# Schwinn 26" straight bar 54/56



## chriscokid (Feb 23, 2010)

I have a 1950's   26" Schwinn Straight Bar frame with the no. L 45893 and i want to put it back on the road. I searched the web and came up with these dates 
1954.... 06/23 to 06/28 Serial numbers start at L41765 through L55181..........and for the year 1956   08/04 to 08/08 Serial numbers start at-----L40552 through L64617. how can i pinpoint the exact year and most importantly what bike it was .... The numbers are located on the left rear dropout axle mount.. when i got the bike i supposed the springer fork and stem was original..  the springer fork has AS bolts only on the crown where the spring is at and i am guessing it's a panther. Could my springer fork be a middle weight fork?? and was added later on?? I noticed on 50's balloon panther bikes the springer fork has a bracket that wraps around the forks and you pass the bolt through the bracket to connect the forks together..... mine the bolt runs straight through the forks just like i saw on a middle weight phantom what do you think?? 1956 hornets were a cantilever frame so that X my bike as a 56 hornet

My concern are I don't want to buy parts for a Panther when I have a Hornet or even a Wasp and they are not the right parts for the frame. For instance I have been reading and seeing pictures on the internet, that bikes like my style had skiptooth sprocket and some did not, so before I can buy hubs , rims , chain even a sprocket I need to know.. same with the AS bolts I don't want to start buying bolts when my front end needs forks and truss rods.. I am trying to research but it's slow..

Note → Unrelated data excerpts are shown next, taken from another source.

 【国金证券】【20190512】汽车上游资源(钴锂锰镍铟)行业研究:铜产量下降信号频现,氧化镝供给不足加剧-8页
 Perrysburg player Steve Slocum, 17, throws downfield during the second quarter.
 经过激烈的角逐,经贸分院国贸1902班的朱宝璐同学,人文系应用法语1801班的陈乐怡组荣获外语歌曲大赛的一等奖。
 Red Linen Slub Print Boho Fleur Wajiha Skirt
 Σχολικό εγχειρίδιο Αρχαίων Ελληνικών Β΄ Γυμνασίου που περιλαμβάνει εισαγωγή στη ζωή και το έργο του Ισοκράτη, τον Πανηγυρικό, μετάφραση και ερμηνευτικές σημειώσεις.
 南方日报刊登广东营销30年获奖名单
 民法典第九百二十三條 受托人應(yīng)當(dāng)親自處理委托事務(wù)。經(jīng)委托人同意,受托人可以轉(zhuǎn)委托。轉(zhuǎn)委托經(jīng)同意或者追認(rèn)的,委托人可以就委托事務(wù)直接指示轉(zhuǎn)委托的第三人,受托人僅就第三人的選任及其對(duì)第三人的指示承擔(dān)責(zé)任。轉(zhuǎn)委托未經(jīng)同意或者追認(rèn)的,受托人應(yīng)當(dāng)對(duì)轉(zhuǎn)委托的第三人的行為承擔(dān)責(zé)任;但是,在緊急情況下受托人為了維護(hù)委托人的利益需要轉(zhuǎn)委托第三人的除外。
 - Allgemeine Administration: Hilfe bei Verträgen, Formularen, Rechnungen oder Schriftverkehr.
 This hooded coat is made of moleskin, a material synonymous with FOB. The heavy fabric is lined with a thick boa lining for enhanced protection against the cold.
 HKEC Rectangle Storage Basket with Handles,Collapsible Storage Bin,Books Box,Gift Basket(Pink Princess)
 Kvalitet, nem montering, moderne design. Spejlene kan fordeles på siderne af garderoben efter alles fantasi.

how can i tell if this frame is a balloon or a middle weight?? my 26" 2.125 tires fitted the fork with fenders no problem?? 
got knowledge of the springer forks for middle weight and ballooners and bicycle frame sizes??


----------



## rustyspoke66 (Feb 23, 2010)

From what I can tell your bike was made between June 23rd to 28th 1954.


----------



## rustyspoke66 (Feb 23, 2010)

P.S. your bike could be one of many different models like a Hornet or Panther. If the frame and fork is all you have I would pick wich ever bike you like best, build it and ride it.


----------



## PCHiggin (Feb 24, 2010)

Your bike is a ballooner. All middleweights used cantilever frames.

Pat


----------



## PCHiggin (Feb 24, 2010)

I can't edit my posts. I meant to write that all m/w's of that era used the cantilever frame.Schwinn used a different style in mid/late '61 and '62 on a few entry level models.

Pat


----------



## Strings-n-Spokes (Feb 24, 2010)

Is this pretty close?

http://cgi.ebay.com/Schwinn-Mens-St...emQQptZLH_DefaultDomain_0?hash=item4a9eacf6d6


----------



## chriscokid (Feb 24, 2010)

okay Cool

 what about the springer fork... mine the bolt runs straight through the forks just like i saw on a middle weight phantom  and others have a bracket that wraps around the forks and you pass the bolt through the bracket to connect the forks together..


----------



## Strings-n-Spokes (Feb 24, 2010)

I'm not %100 sure, but I don't think that type of knee action springer  shows up on middleweight bikes.  Also '54 seems early for a middleweight bike. It looks kinda like the original paint on the frame matches the fork.  But I am not a Schwinn expert by any means.


----------



## PCHiggin (Feb 24, 2010)

*No middleweight Phantom*

They never made such a thing back then. Your style fork was the standard springer beginning sometime in '54 when they dropped the locking unit.

Pat


----------



## chriscokid (Feb 24, 2010)

alright thanks strings-and spokes , pchiggin and rustyspoke66  for the information and input guys i was just skeptical about a few things   i guess i'll call it a 1954 panther what do you all think?? underneath all that orange & black there is some red so that gives me some indication of what color the bike was.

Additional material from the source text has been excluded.